▸ **WHAT IS EXPECTED**:
Output exactly the lines from the one containing "A RUSSIAN ICON" through the final line of the entries below, both included, and skip the pictures.

Records drawn from a dataset
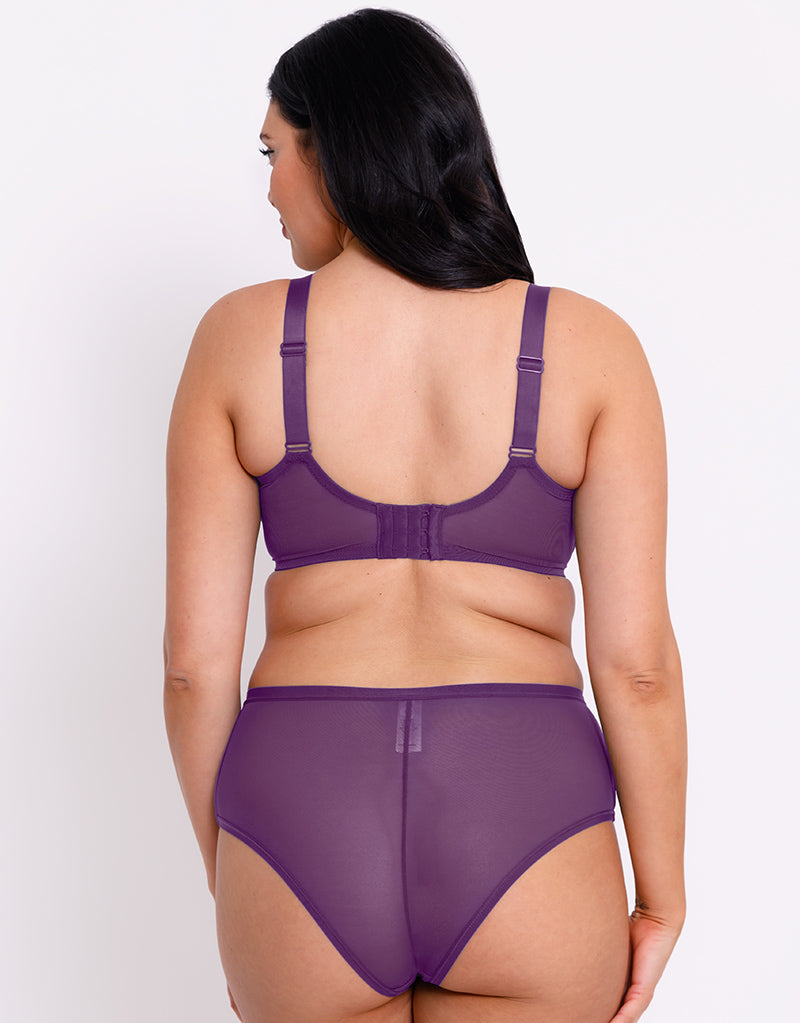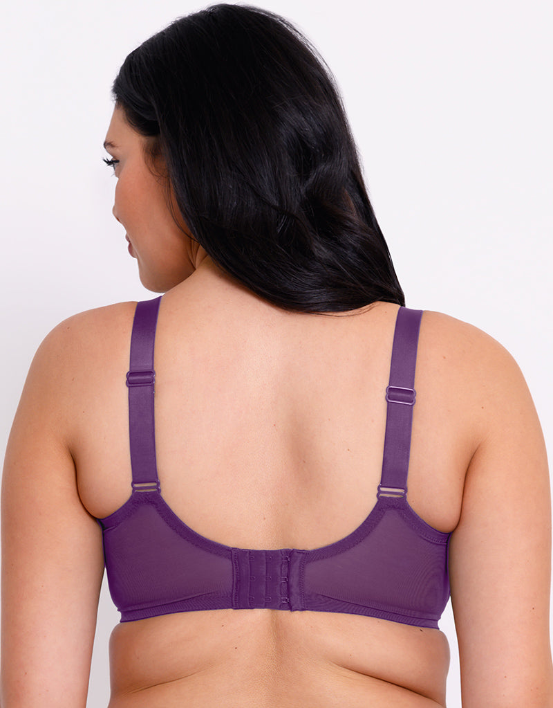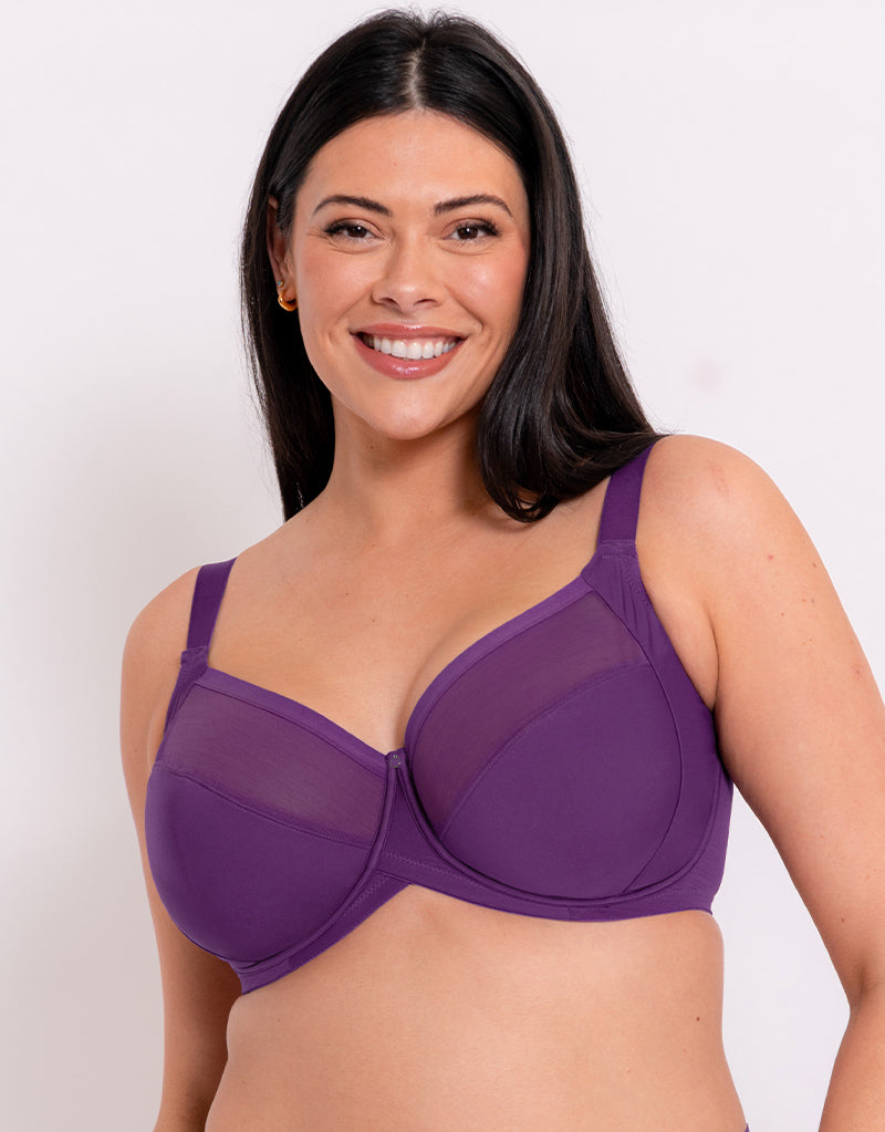 Get the perfect fit with Curvy Kate's WonderFully full cup bra in a luxe purple hue. This four-part cup bra uses side support panels to give amazing shape, combined with a stretch mesh top cup for flexibility and comfort. A cross-over centre front ensures no digging into your stomach - making it especially perfect for those with petite frames!
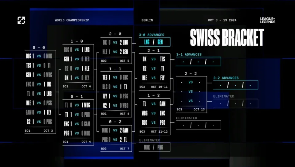 IT之家 10 月 8 日消息,《好汉同盟》2024(S14)环球总决赛瑞士轮第三轮比赛已全部竣事,第四轮的对阵与赛程也已正式出炉。 在第三轮比赛中,位于 2-0 组别的 LPL 战队 LNG 以 2:0 的比分战胜 DK 率先以 3-0 的大分晋级八强,位于 1-1 组别的 TES 在 BO1 中战胜 FNC 来到 2-1 组,别的两支位于 1-1 组的 LPL 队伍 BLG、WBG 则均负于对手跌入 1-2 组。 别的IT之家还注意到,在第三轮比赛中 LCK 战队 GEN 同样以 3-0 出线,MDK 和 PNG 两支队伍则以 0-3 的结果告别了本次环球总决赛的舞台。 在接下来的瑞士轮第四轮 BO3 对决中,TES 将面临 DK,BLG 对阵 PSG,而 WBG 将遇上 FNC。 TES vs DK 的比赛将作为第四轮的首场比赛于北京时间 10 月 10 日 20:00 开战;BLG vsPSG 的比赛约莫将在 10 月 11 日 23:00 举行;WBG vs FNC 的比赛则会落在 10 月 12 日 20:00。 |
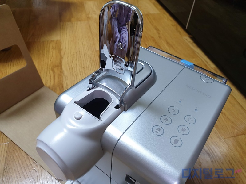 캡슐 삽입은 상단의 캡슐 뚜껑을 위로 열고 캡슐 홀더에 넣고 닫은 후에 커피 추출을 하면 된다.
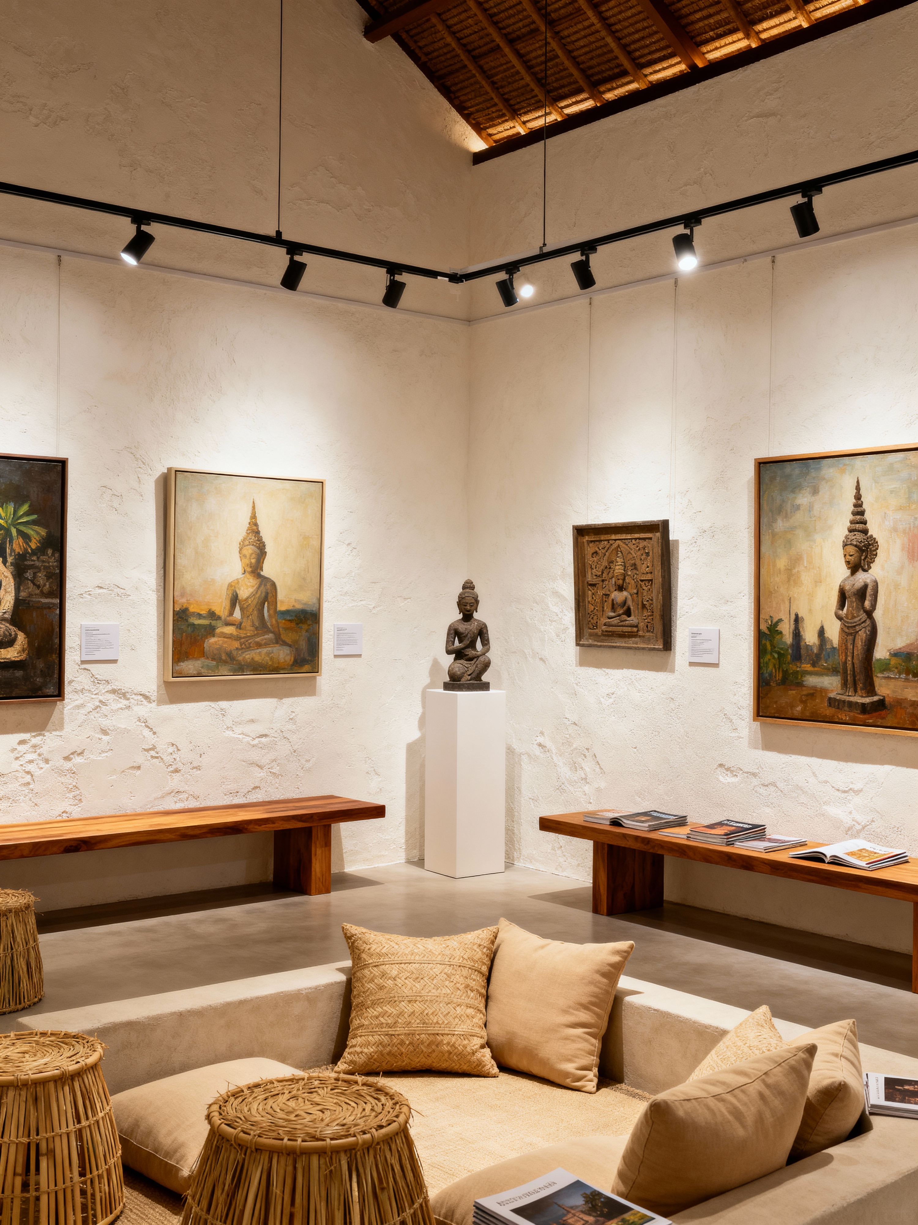 gallery with bali style with white walls and benches and spotlights and information plaques and exhibition catalogs and track lighting and paintings and sculptures. . with warm ambient lighting and neutral color palette and beige and sand tone cushions and conversation pit with pillows and raffia or bamboo accents and white or cream walls and light wood furniture (teak, oak) and textured plaster or stucco finish
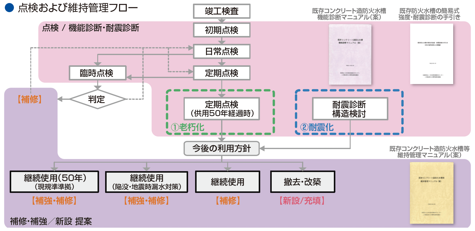 診断・補修・補強は、『既存コンクリート造防火水槽等維持管理マニュアル(案)』(一財)日本消防設備安全センター(H23.3)をはじめ、関連指針に準拠して行います。防火水槽の調査・診断から補修・補強設計・施工まで、目標性能を満足する最適なご提案、ならびに施工を行います。
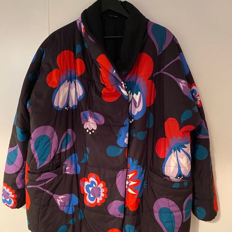 Kokonumeroa ei takissa ole mutta se on noin L-kokoinen. Pituus puolireiteen.
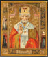 A RUSSIAN ICON OF ST. NICHOLAS, 19TH CENTURY. Colorfully painted on an intricately incised gilt ground, the borders with St. Tikhon, the Holy Martyr John, and the Holy Aphrina. 10.3 inches x 8.6 inches (26.5 x 22 cm).
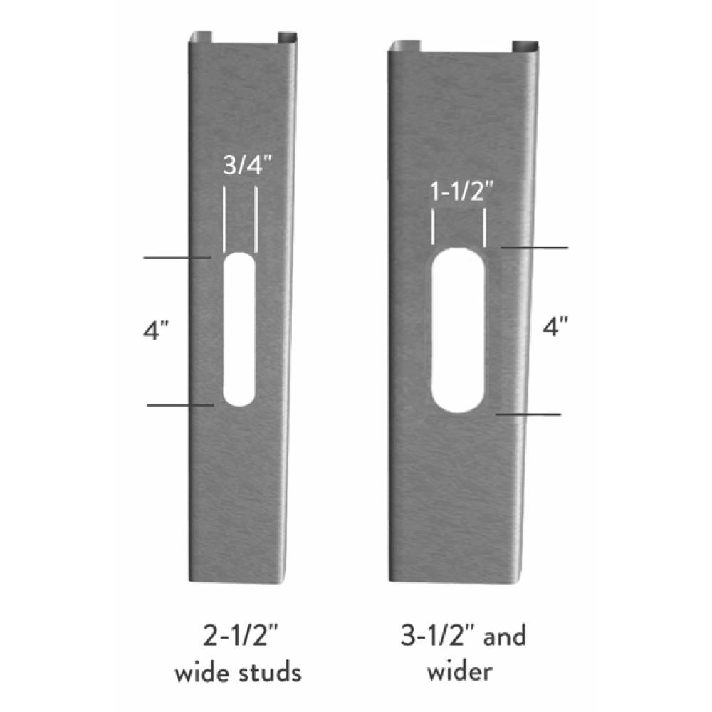 Standard punchout sizing is 1-1/2" x 4" in members 3-1/2" and wider. Members smaller than 3-1/2" are unpunched unless otherwise specified at time of order. If specified, members will be punched with a 3/4" x 4" knockout.
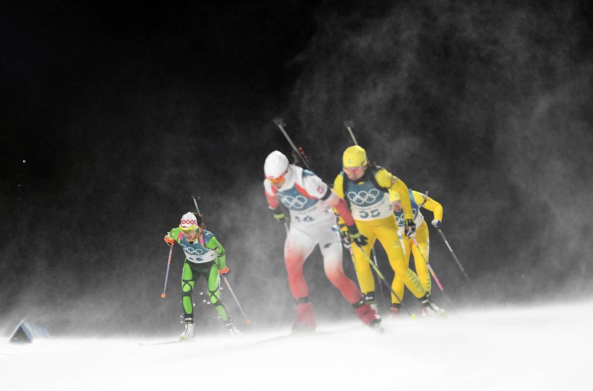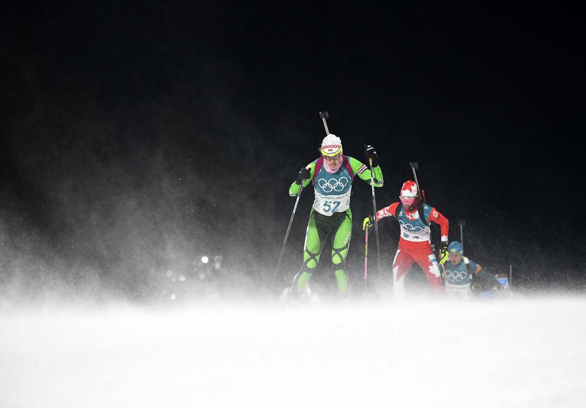 Competitors, officials and a few brave fans made their way around the Olympic venues wrapped in layers of scarves, hats and thick coats as the biting wind added a significant chill factor to temperatures already down around minus 20 degrees Celsius.
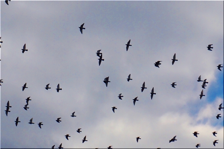 三グループが二つ、一つと、合体し、また三つに戻ったりと繰り返しておりますけど、この行動を、別段、リーダーがいて、リーダーの合図の元に右旋回、左旋回、グループを合体…と繰り返していますようには、とても見えません。リーダーの合図がなくても一斉に同じような行動を取っていますけど、これは実に不思議です。上空を旋回しながら、何で、ハトの皆さんは、一斉に同じ行動が瞬時に取れますのでしょう?

▸ **FINISHED TASK**:
 A RUSSIAN ICON OF ST. NICHOLAS, 19TH CENTURY. Colorfully painted on an intricately incised gilt ground, the borders with St. Tikhon, the Holy Martyr John, and the Holy Aphrina. 10.3 inches x 8.6 inches (26.5 x 22 cm).
 Standard punchout sizing is 1-1/2" x 4" in members 3-1/2" and wider. Members smaller than 3-1/2" are unpunched unless otherwise specified at time of order. If specified, members will be punched with a 3/4" x 4" knockout.
 Competitors, officials and a few brave fans made their way around the Olympic venues wrapped in layers of scarves, hats and thick coats as the biting wind added a significant chill factor to temperatures already down around minus 20 degrees Celsius.
 三グループが二つ、一つと、合体し、また三つに戻ったりと繰り返しておりますけど、この行動を、別段、リーダーがいて、リーダーの合図の元に右旋回、左旋回、グループを合体…と繰り返していますようには、とても見えません。リーダーの合図がなくても一斉に同じような行動を取っていますけど、これは実に不思議です。上空を旋回しながら、何で、ハトの皆さんは、一斉に同じ行動が瞬時に取れますのでしょう?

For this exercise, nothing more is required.